Thursday, April 13, 2006

Making Quantum Practical

Kate Greene writes in the latest issue of MIT Technology Review about researchers who have succeeded in combining quantum signals with classical optical signals in a conventional fiber-optic line.


Coursing through the fiber-optic veins of the Internet are photons of light that carry the fundamental bits of information. Depending on their intensity, these photons represent bits as 1s and 0s. This on-and-off representation of information is part of what physicists call "classical" phenomena.

But photons of light have "quantum" properties as well, which, when exploited, provide more than simply a 1 or 0; these properties allow photons to represent 1s and 0s simultaneously. When information is approached from a quantum perspective, say scientists, encryption can be perfectly secure and enormous amounts of information can be processed at once.

This field of quantum information –- the transmission and processing of data governed by quantum mechanics –- is rapidly moving beyond the lab and into the real world. Increasingly, researchers are conducting experiments within the same commercial fiber that transmits information in the classical way. For the most part, though, the two types of information have not intermingled: quantum information has been sent only over dedicated fiber.

Now researchers at Northwestern University have shown that quantum information, in the form of "entangled photons," can travel over the same fiber as classical signals. Additionally, the researchers have sent the combination signal through 100 kilometers of fiber -- a record distance for entangled photons even without the classical signal.

This marriage of quantum and classical optics shows that traditional optical tools can be used to send quantum encryption keys, based on entangled photons (some other schemes rely on single photons). In the future, this new technique might also enable long-distance networking between quantum computers, says Carl Williams, coordinator of the Quantum Information Program at the National Institute of Standards and Technology in Gaithersburg, MD.

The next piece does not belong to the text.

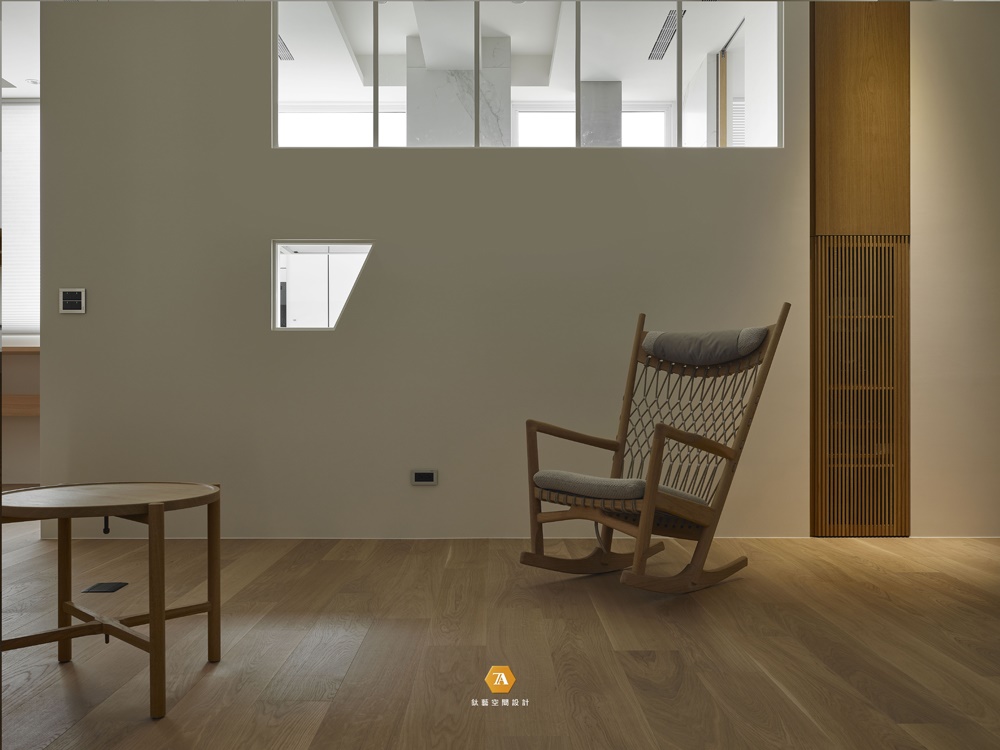 起居空間僅以線構搭建變化,保留大量地休憩機能,不作過多地裝飾,讓一桌一椅成為唯一主角,且穩實而置的於光線遊移,緩述著微妙光影變化,凝靜的對話充斥於空間。

At the heart of the Northwestern experiment are the entangled photons: pairs of photons with interconnected properties. That is, looking at one photon in an entangled pair will reveal what the result of looking at the other photon would be -- no matter how far apart the photons are. Entangled photons can be used in encryption by encoding information about a key in the photons. Then if an eavesdropper intercepts one photon of the entangled pair, the entire transmission is altered, alerting the code makers.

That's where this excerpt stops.